BRIEF: Once you find the line containing "วันที่ 18 กุมภาพันธ์" in the data below, copy it and each following line exactly, up to and including the line containing "Cette belle faire-part", and nothing else.

WORKING DATA:
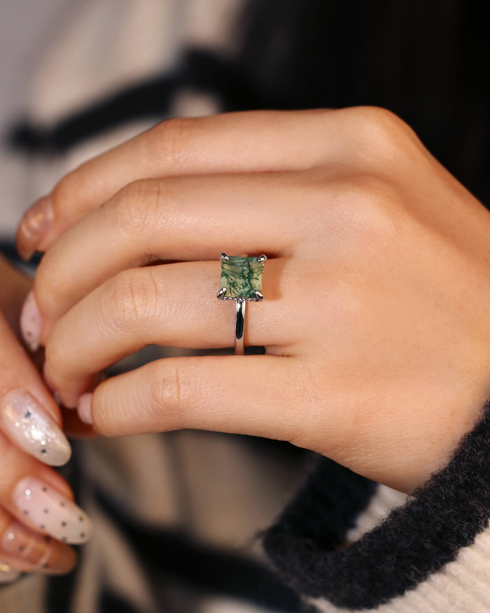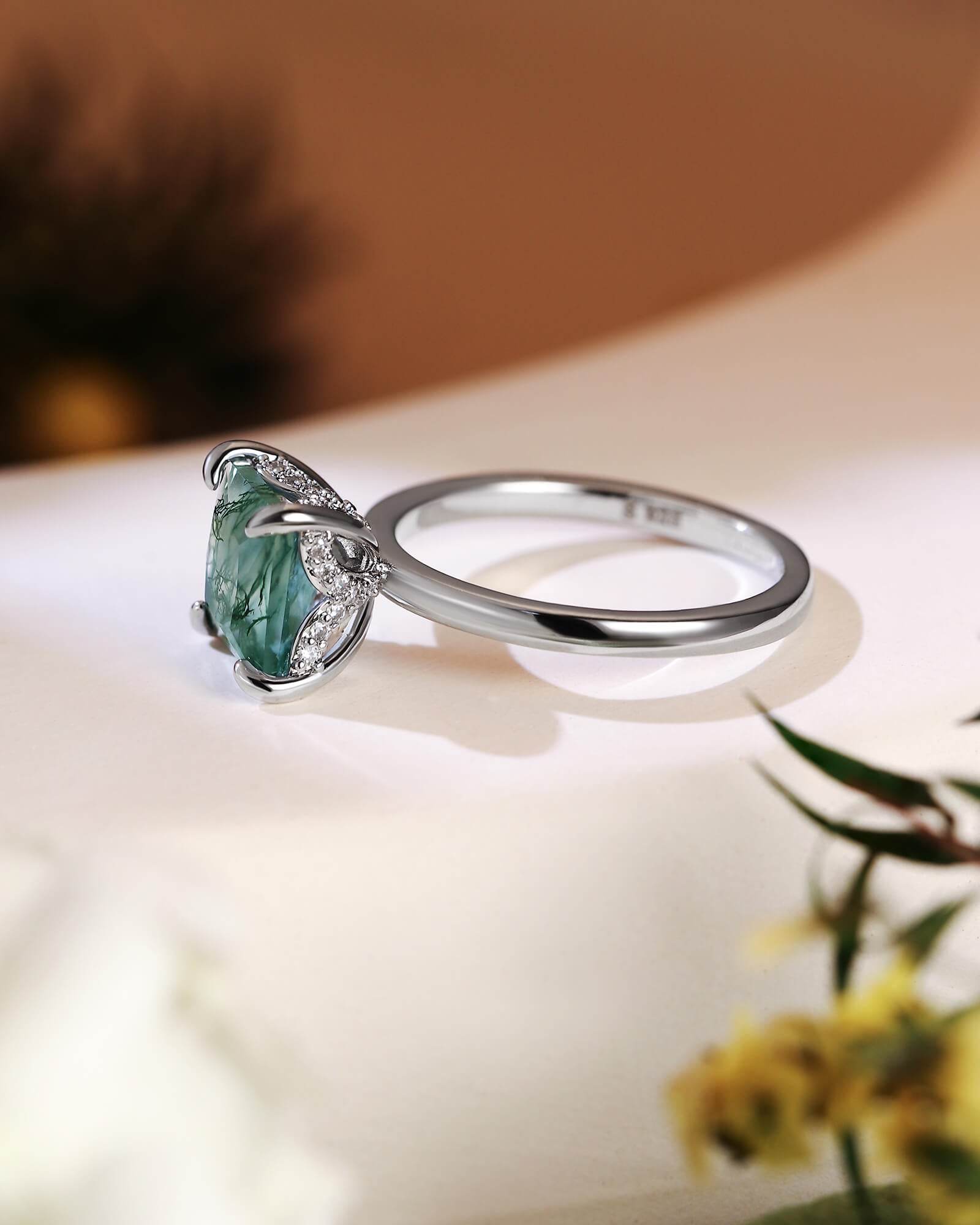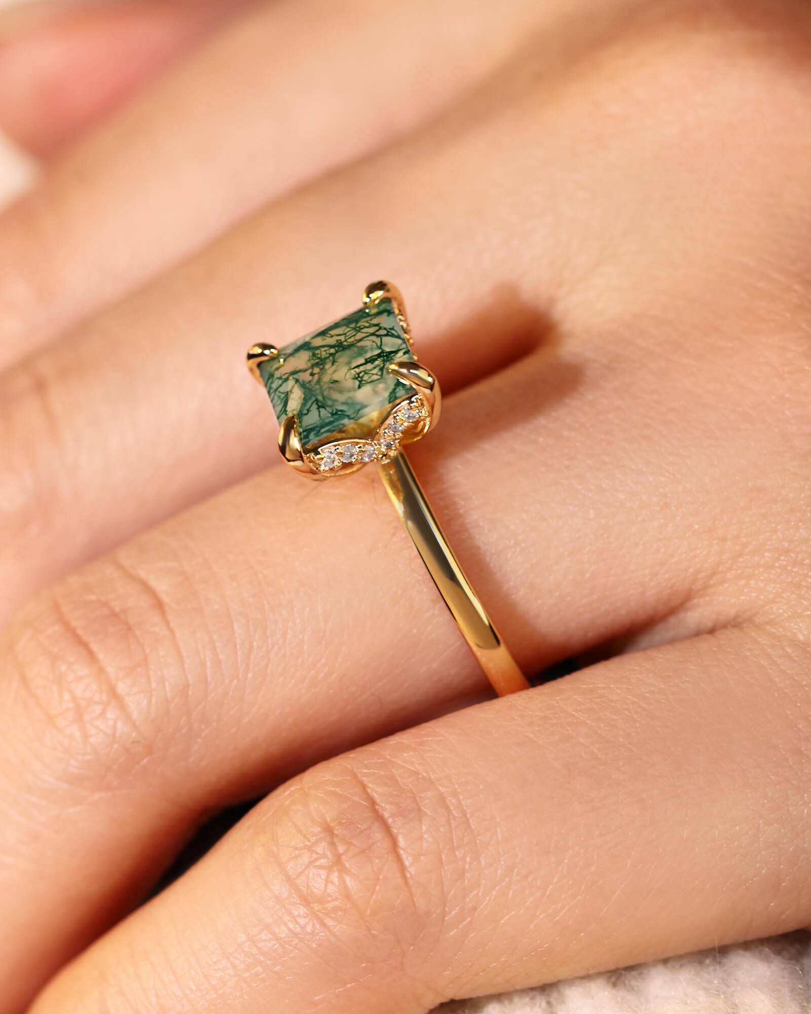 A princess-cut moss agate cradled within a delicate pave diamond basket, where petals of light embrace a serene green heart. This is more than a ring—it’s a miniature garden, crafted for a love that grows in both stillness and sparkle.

...

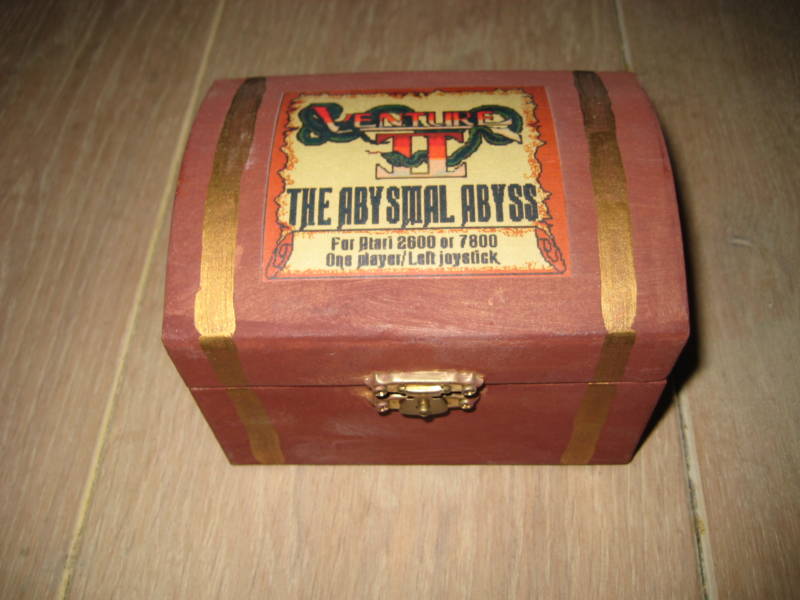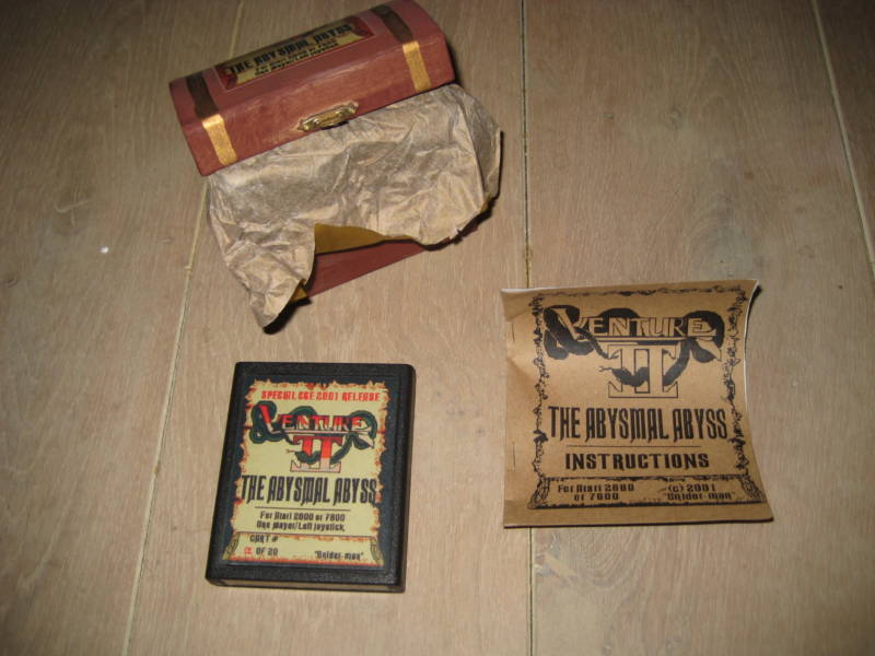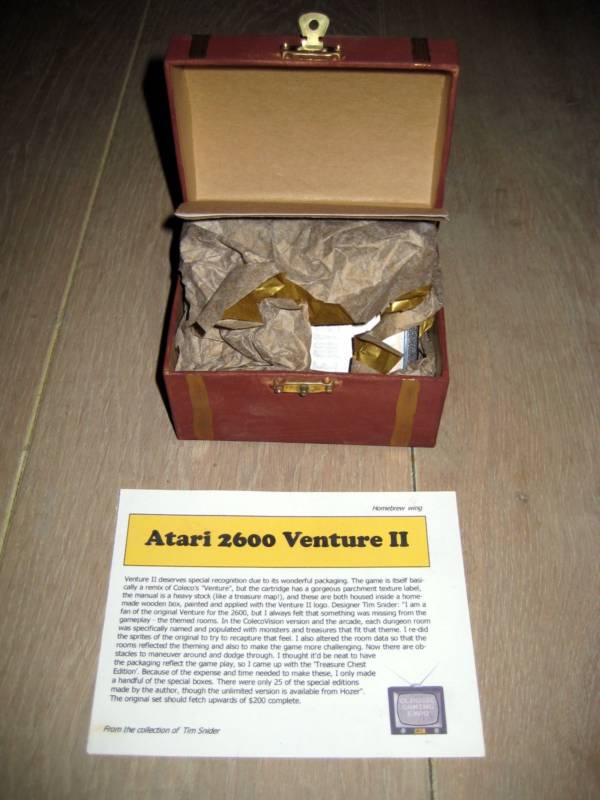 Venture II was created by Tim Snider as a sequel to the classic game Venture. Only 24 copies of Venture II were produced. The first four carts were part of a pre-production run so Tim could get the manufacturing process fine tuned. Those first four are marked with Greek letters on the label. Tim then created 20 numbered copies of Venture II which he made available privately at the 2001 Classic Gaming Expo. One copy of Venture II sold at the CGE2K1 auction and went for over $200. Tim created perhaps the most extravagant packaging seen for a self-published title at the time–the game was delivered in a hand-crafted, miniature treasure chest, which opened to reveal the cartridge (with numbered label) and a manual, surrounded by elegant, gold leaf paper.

* * *

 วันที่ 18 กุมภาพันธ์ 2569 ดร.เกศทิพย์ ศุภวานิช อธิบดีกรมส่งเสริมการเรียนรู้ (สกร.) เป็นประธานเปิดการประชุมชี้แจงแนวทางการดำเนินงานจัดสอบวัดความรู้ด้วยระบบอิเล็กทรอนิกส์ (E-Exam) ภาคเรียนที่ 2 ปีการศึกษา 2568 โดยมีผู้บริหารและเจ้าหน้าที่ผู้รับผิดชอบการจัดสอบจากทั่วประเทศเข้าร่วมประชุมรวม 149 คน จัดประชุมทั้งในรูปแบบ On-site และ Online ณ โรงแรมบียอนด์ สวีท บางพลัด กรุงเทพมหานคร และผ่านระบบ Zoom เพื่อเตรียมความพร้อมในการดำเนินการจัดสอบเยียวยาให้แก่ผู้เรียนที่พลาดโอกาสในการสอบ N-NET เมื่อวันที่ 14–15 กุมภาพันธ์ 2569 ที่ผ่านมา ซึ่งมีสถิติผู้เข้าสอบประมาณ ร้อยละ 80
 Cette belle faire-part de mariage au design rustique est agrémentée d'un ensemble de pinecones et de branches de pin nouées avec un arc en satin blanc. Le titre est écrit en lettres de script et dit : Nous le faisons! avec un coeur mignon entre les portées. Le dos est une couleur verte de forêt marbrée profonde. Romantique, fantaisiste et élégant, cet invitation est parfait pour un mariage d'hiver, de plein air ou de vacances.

RESULT OF THIS EXERCISE:
 วันที่ 18 กุมภาพันธ์ 2569 ดร.เกศทิพย์ ศุภวานิช อธิบดีกรมส่งเสริมการเรียนรู้ (สกร.) เป็นประธานเปิดการประชุมชี้แจงแนวทางการดำเนินงานจัดสอบวัดความรู้ด้วยระบบอิเล็กทรอนิกส์ (E-Exam) ภาคเรียนที่ 2 ปีการศึกษา 2568 โดยมีผู้บริหารและเจ้าหน้าที่ผู้รับผิดชอบการจัดสอบจากทั่วประเทศเข้าร่วมประชุมรวม 149 คน จัดประชุมทั้งในรูปแบบ On-site และ Online ณ โรงแรมบียอนด์ สวีท บางพลัด กรุงเทพมหานคร และผ่านระบบ Zoom เพื่อเตรียมความพร้อมในการดำเนินการจัดสอบเยียวยาให้แก่ผู้เรียนที่พลาดโอกาสในการสอบ N-NET เมื่อวันที่ 14–15 กุมภาพันธ์ 2569 ที่ผ่านมา ซึ่งมีสถิติผู้เข้าสอบประมาณ ร้อยละ 80
 Cette belle faire-part de mariage au design rustique est agrémentée d'un ensemble de pinecones et de branches de pin nouées avec un arc en satin blanc. Le titre est écrit en lettres de script et dit : Nous le faisons! avec un coeur mignon entre les portées. Le dos est une couleur verte de forêt marbrée profonde. Romantique, fantaisiste et élégant, cet invitation est parfait pour un mariage d'hiver, de plein air ou de vacances.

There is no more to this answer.